Briser l’isolement se réalise aussi d’autres façons, en arrimant ce projet des Impatients au milieu musical professionnel. « L’un de nos mandats est de faire un pont avec le monde artistique et la communauté », précise M. Bouchard, pointant la participation de musiciens reconnus à l’enregistrement de l’album, comme Benoit Sarrasin (acolyte d’Isabelle Boulay et de Marc Hervieux), Michel Langevin (Voivod) ou Jean-François Lemieux (bassiste de Daniel Bélanger). Ces deux derniers partageront d’ailleurs la scène de l’Édifice Bon-Pasteur avec le Big Bang Band à l’occasion du spectacle de lancement, qui aura lieu ce mardi soir à 19 h.

À la veille de monter sur scène pour présenter leurs productions au public, les membres du groupe ressentent-ils une certaine nervosité ? D’une seule et même voix, ils répondent en chœur : nous sommes habitués, même si on a un peu le trac. « Si vous n’aviez pas le trac, ce ne serait pas normal », souligne Dany Bouchard. « On n’est pas normal, c’est pour ça qu’on est icitte ! », rétorque Michel du tac au tac, déclenchant l’hilarité dans le studio.
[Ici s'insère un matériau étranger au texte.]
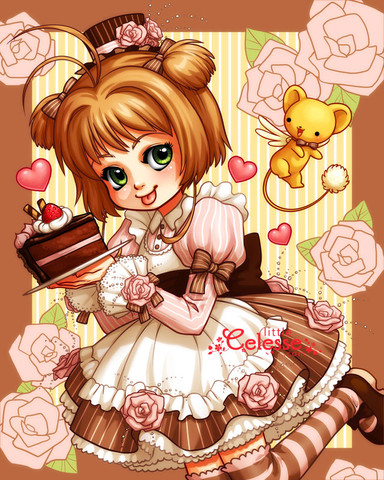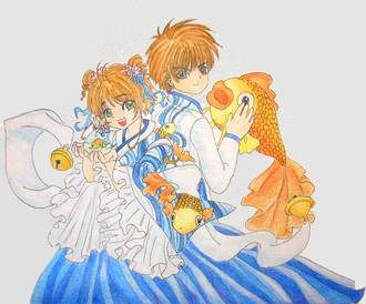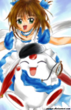 Sakura's head is a bit too small in proportion to her eyes. Also, in general I think Sakura is a little smaller than Shaoran in this picture, so it makes it look like they don't quite belong together. I think that's the problem anyway. The coloring is wonderful though, and those little mice~!

* Certains participants ont préféré se confier sous leur nom d’artiste.

La musicothérapie, un impact notable

Les ateliers des Impatients sont passés sous la loupe d’étudiants et de chercheurs montréalais. Une recherche de maîtrise menée par Diane Nguyen en 2014 a démontré que 87,1 % des participants ont constaté une amélioration de leur santé et que 66 % ont noté une diminution du nombre d’hospitalisations. Une autre étude a été menée par Myra Piat et Eleni Sofouli sur des initiatives similaires offertes à l’Institut universitaire de santé mentale Douglas. « Les bienfaits que les participants retirent des ateliers, ainsi que l’approche humaine de ceux-ci, prouvent que cette initiative peut également améliorer le processus de rétablissement personnel », notent-elles. À l’étranger, de nombreuses études ont examiné les effets de la musicothérapie sur diverses franges de la population. L’université irlandaise de Queen’s à Belfast a par exemple démontré qu’elle entraînait une atténuation des symptômes de dépression chez les enfants et les adolescents. Une autre étude menée en France a confirmé son potentiel sur des patients atteints de la maladie d’Alzheimer.